— TASK INSTRUCTIONS —
Taking only the lines of the data below from the line with "Allayi, no humans, white" to the line with "A unique pair", ends included, write them out exactly and without pictures.

— LISTED ENTRIES —
"""

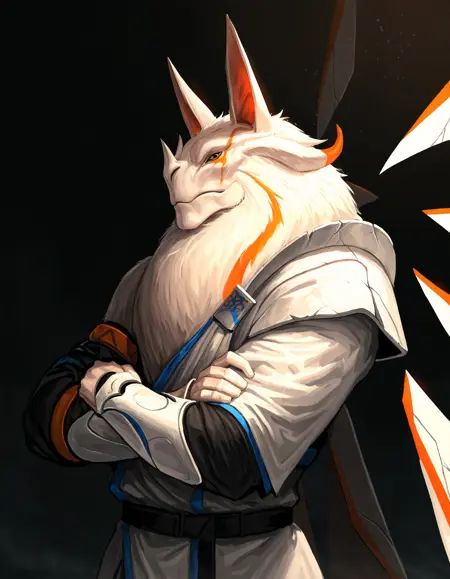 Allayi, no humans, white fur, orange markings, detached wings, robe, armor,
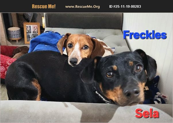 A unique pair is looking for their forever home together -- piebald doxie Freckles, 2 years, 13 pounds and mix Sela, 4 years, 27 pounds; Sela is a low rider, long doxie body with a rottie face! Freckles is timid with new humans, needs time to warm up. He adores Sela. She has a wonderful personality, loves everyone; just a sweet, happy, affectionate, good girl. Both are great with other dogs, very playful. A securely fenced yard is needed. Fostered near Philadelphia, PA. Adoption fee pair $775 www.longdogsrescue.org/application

"""
"""

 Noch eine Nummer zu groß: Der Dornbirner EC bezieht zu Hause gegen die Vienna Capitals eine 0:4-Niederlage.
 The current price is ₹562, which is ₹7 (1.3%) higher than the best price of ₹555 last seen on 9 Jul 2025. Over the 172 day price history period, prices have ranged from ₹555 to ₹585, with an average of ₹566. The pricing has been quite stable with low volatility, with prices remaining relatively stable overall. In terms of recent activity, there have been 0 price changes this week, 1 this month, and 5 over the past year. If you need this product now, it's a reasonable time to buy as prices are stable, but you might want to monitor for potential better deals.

"""

— SOLVED PROBLEM —
 Allayi, no humans, white fur, orange markings, detached wings, robe, armor,
 A unique pair is looking for their forever home together -- piebald doxie Freckles, 2 years, 13 pounds and mix Sela, 4 years, 27 pounds; Sela is a low rider, long doxie body with a rottie face! Freckles is timid with new humans, needs time to warm up. He adores Sela. She has a wonderful personality, loves everyone; just a sweet, happy, affectionate, good girl. Both are great with other dogs, very playful. A securely fenced yard is needed. Fostered near Philadelphia, PA. Adoption fee pair $775 www.longdogsrescue.org/application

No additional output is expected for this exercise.